Cost of sales for the three months ended December 31, 2021, was $1.2 million, compared with $1.0 million for the same period in 2020. Total cost of sales for the full year 2021 was $3.3 million, compared with $2.0 million for the same period in 2020. Manufacturing costs incurred prior to FDA approval of Oxbryta in November 2019 were previously recorded as research and development expense in the company’s consolidated statement of operations. GBT expects the cost of Oxbryta sales as a percentage of revenue will increase in future periods as product manufactured prior to FDA approval, and therefore fully expensed, is completely utilized.

Research and development (R&D) expenses for the three months ended December 31, 2021, were $59.0 million, compared with $41.1 million for the same period in 2020. R&D expenses for the year ended December 31, 2021, were $212.1 million, compared with $155.1 million for the same period in 2020. The increase in R&D expenses for both comparative periods was primarily due to an increase in external costs related to the company’s inclacumab program, including a clinical milestone payment of $5.3 million incurred in the fourth quarter of 2021, as well as the preclinical, Oxbryta and GBT601 programs.

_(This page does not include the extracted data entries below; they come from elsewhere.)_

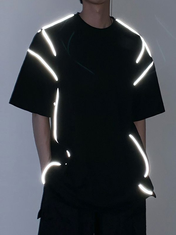 Men’s Reflective Line Splice Half Sleeve Short Sleeve Tee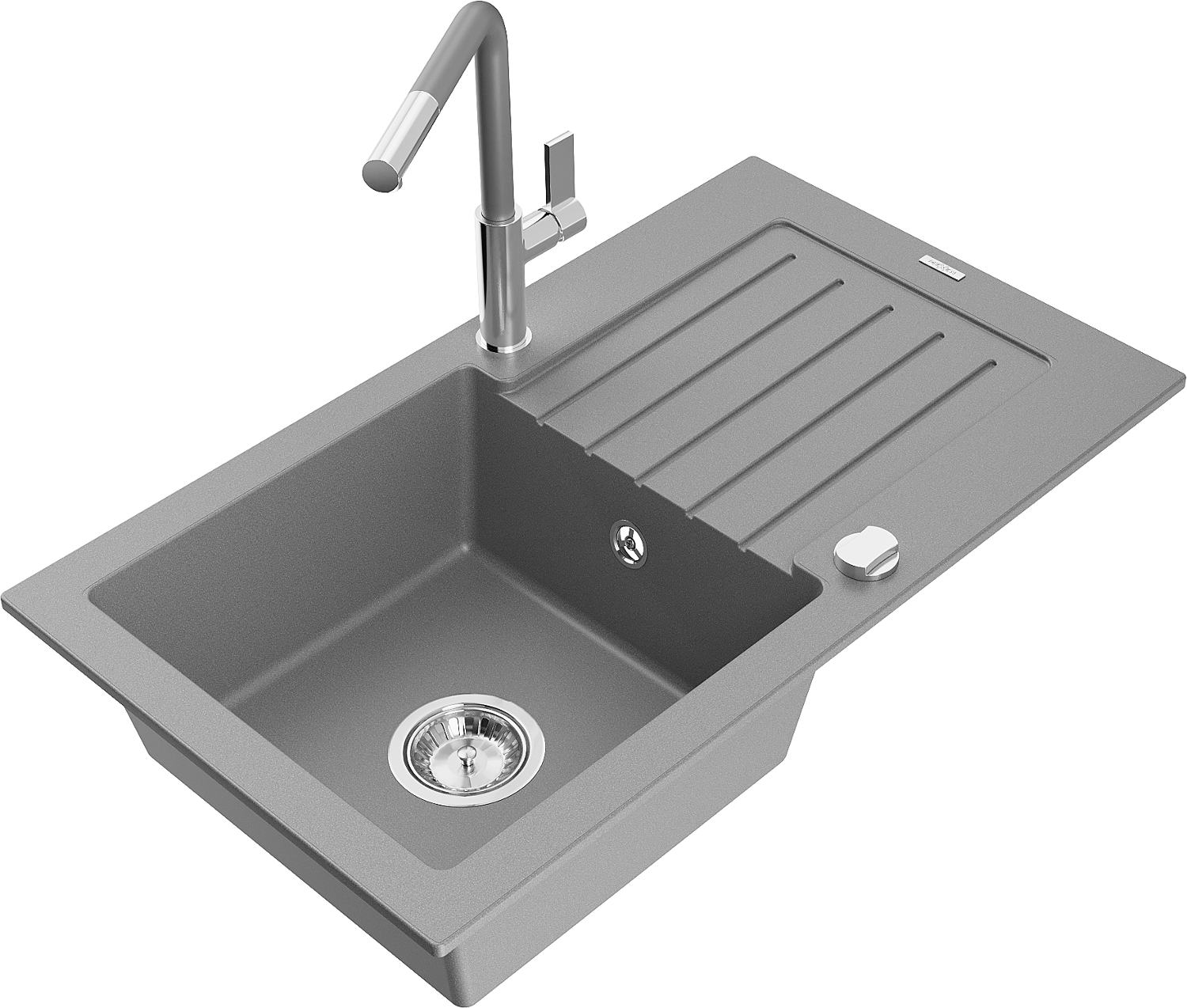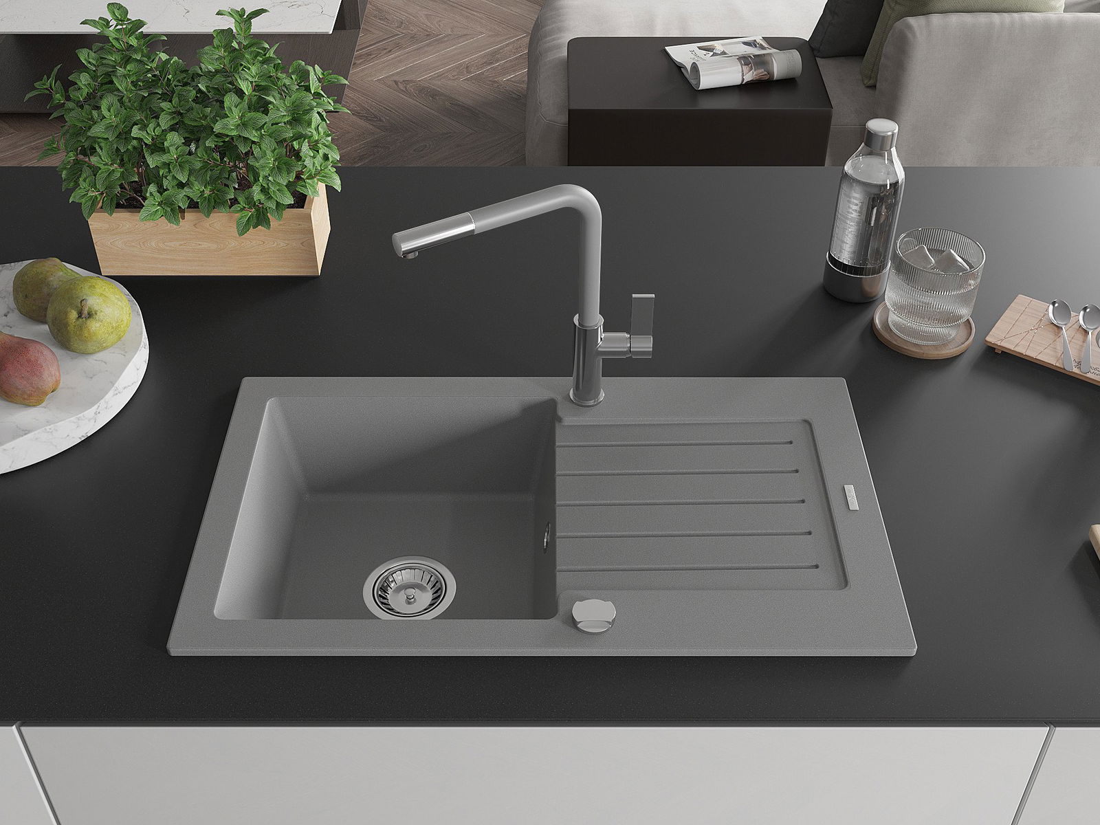 Mexen Pablo évier en granit à 1 bac avec égouttoir et mitigeur de cuisine Flora, gris - 6510-71-670401-06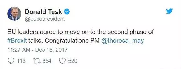 12月15日的歐盟峰會上,歐盟理事會主席唐納德?圖斯克(Donarld Tusk)表示,各成員國領導人一致同意英國“脫歐”談判第一階段取得充分進展,可以正式進入第二階段的談判。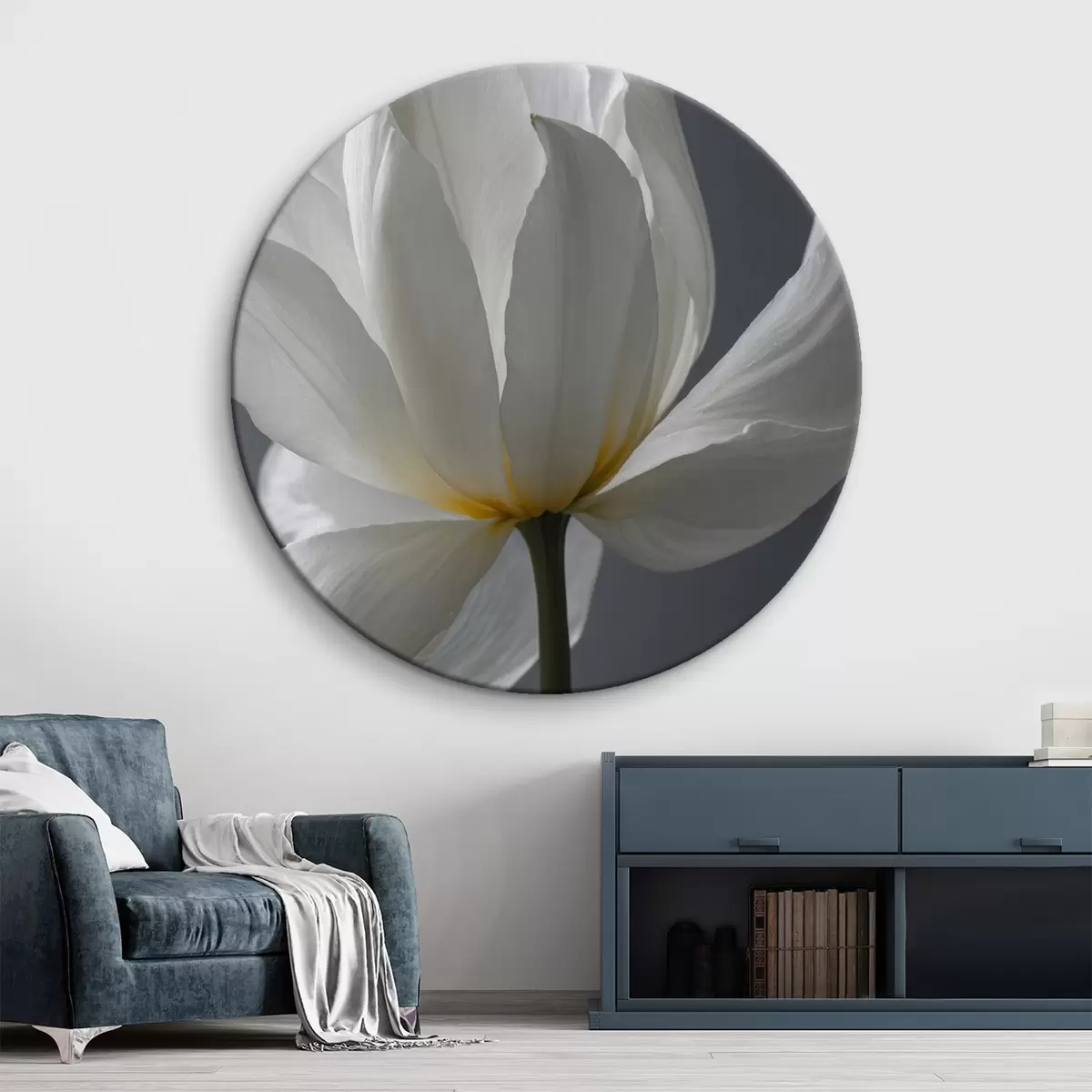Кругла картина Біла квітка на сірому фоні r42779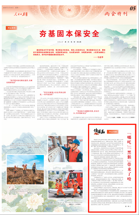 神话里,孙大圣西天取经,哪吒大闹龙宫,都是人们耳熟能详的经典故事;如今,“黑猴”进主机,“哪吒”上银幕,又创出两大传奇。前者在国产3A游戏中成为里程碑作品,后者频频刷新全球电影票房纪录。因此,今年全国两会上,“黑猴”“哪吒”成为热议的话题,一点都不让人意外。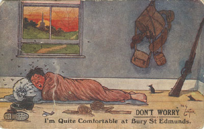 Even when somebody has labelled a postcard, it can be difficult to make much of it. This card has a note which appears to say : '2nd E.A.F.A. R.A.M.C. Bury St Edmunds.' |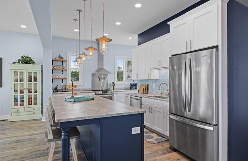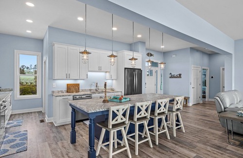 Dip your toes in the water at Straits Serenity! This newly constructed coastal home offers expansive water views from every porch and window. Nature lovers will relish the variety of marine life, including egrets, pelicans, dolphins, and boaters. The contemporary design features a modern kitchen and spacious living area with a fresh, open feel, perfect for fostering conversations and easy movement among guests.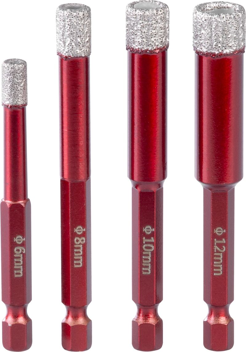 Sada vyrezávačov Strend Pro Premium, 6-8-10-12 mm, 1/4" Hex, diamant, korunky, professional, so šablónou na vŕtanie otvorov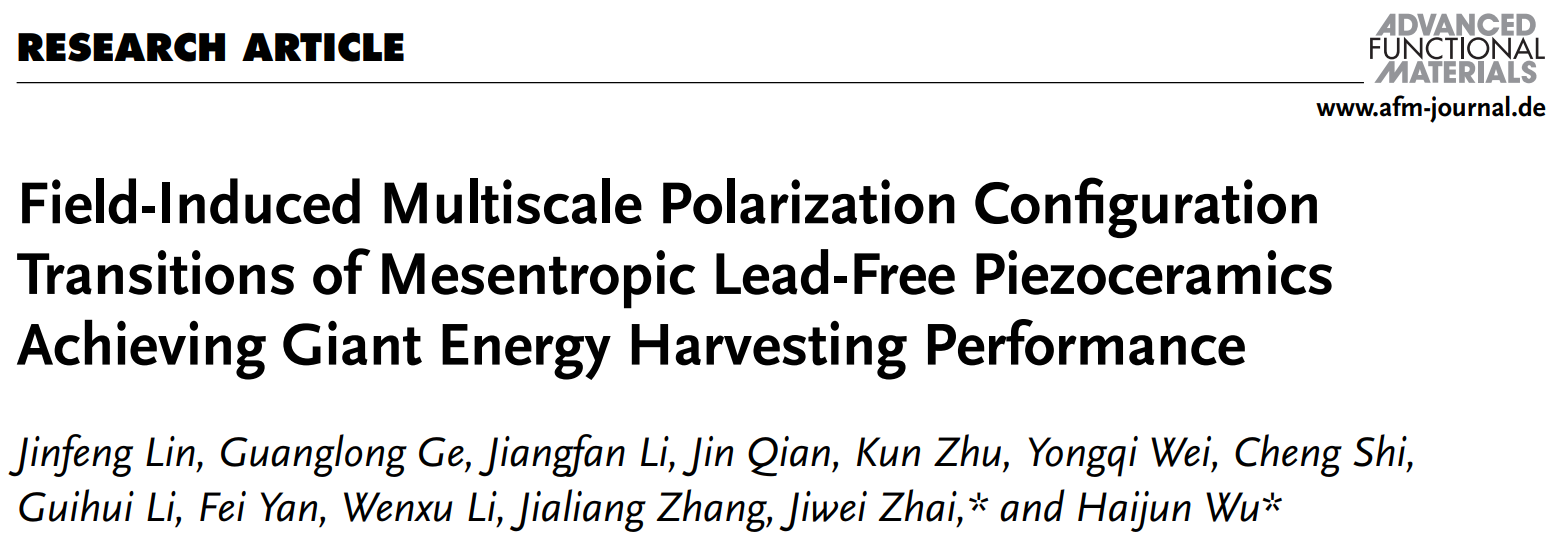 相关成果以“Multiscale reconfiguration induced highly saturated poling in lead-free piezoceramics for giant energy conversion”(《多尺度重构诱导无铅压电陶瓷高度饱和的极化,实现了巨大的能量转换》)为题发表在《Nature Communications》上;相关成果以“Field-Induced Multiscale Polarization Configuration Transitions of Mesentropic Lead-Free Piezoceramics Achieving Giant Energy Harvesting Performance”(《场诱导多尺度极化构型转变调控无铅无压电陶瓷的亚稳相状态,实现了巨大的能量收集性能》)为题发表在《Advanced Functional Materials》上。这两篇工作的通讯作者是同济大学的翟继卫教授和8X8X
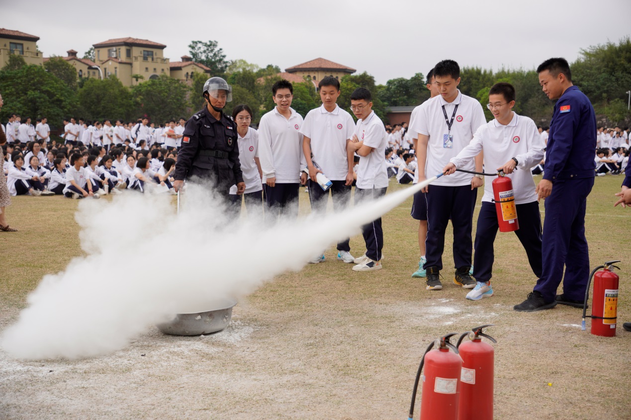 6分鐘后,全體師生撤離到安全地點集合完畢,德育處副主任陳建科作為活動指揮引導(dǎo)同學(xué)們開展消防演練。三鄉(xiāng)消防分局消防員唐文龍講解了滅火器的使用方法,提醒同學(xué)們要分清楚常規(guī)滅火器的使用范圍,并一步步教授同學(xué)們?nèi)绾握_使用滅火器。參與演練的同學(xué)認真學(xué)習安全防護方法,并爭先恐后排隊進行實操。副校長陳福生代表學(xué)校感謝消防官兵們的生動教學(xué),希望同學(xué)們在玩得開心之余,認真學(xué)習理論知識,強化實操演練,成為自己生命安全的守護者。他表示,“當災(zāi)難來臨之時,我們都躲不掉逃不掉,只能加強演練,才是守護生命安全的最好方式。在日常生活中,我們要珍愛生命,做自己生命的第一責任人;要珍愛生命,學(xué)會用生命守護生命;要珍愛生命,守護意識形態(tài)安全。”

Total R&D non-cash stock compensation expense incurred for the three months ended December 31, 2021, was $4.4 million, compared with $3.7 million for the same period in 2020. Total R&D non-cash stock compensation expense incurred for the year ended December 31, 2021, was $21.3 million, compared with $18.1 million for the same period in 2020.

Sales, general, and administrative (SG&A) expenses for the three months ended December 31, 2021, were $78.9 million, compared with $58.6 million for the same period in 2020. SG&A expenses for the year ended December 31, 2021, were $267.0 million, compared with $210.9 million for the same period in 2020. The increase in SG&A expenses for both comparative periods was primarily attributable to increased professional and consulting services associated with the company’s commercial operations for Oxbryta and employee-related costs, including non-cash stock compensation expense. Total SG&A non-cash stock compensation expense incurred in the three months ended December 31, 2021, was $13.7 million, compared with $14.3 million for the same period in 2020. Total SG&A non-cash stock compensation expense incurred in the year ended December 31, 2021, was $57.4 million, compared with $53.4 million for the same period in 2020.

Net loss for the three months ended December 31, 2021, was $87.6 million, compared with $61.8 million for the same period in 2020. Basic and diluted net loss per share for the three months ended December 31, 2021, was $1.36, compared with $1.00 for the same period in 2020. Net loss for the year ended December 31, 2021, was $303.1 million, compared with $247.6 million for the same period in 2020. Basic and diluted net loss per share for the year ended December 31, 2021, was $4.81, compared with $4.04 for the same period in 2020.

Cash, cash equivalents, and marketable securities totaled $734.8 million at December 31, 2021, compared with $560.9 million at December 31, 2020.

Conference Call DetailsGBT will host a conference call today, Wednesday, February 23, 2022, at 4:30 p.m. ET to discuss the financial results for the fourth quarter and full year 2021 and provide a general business update. To participate in the conference call, please dial 877-407-3982 (domestic) or +1 201-493-6780 (international). A live audio webcast of the conference call can be accessed on GBT’s website at www.gbt.com in the Investors section. An archived audio webcast will be available for one month following the event.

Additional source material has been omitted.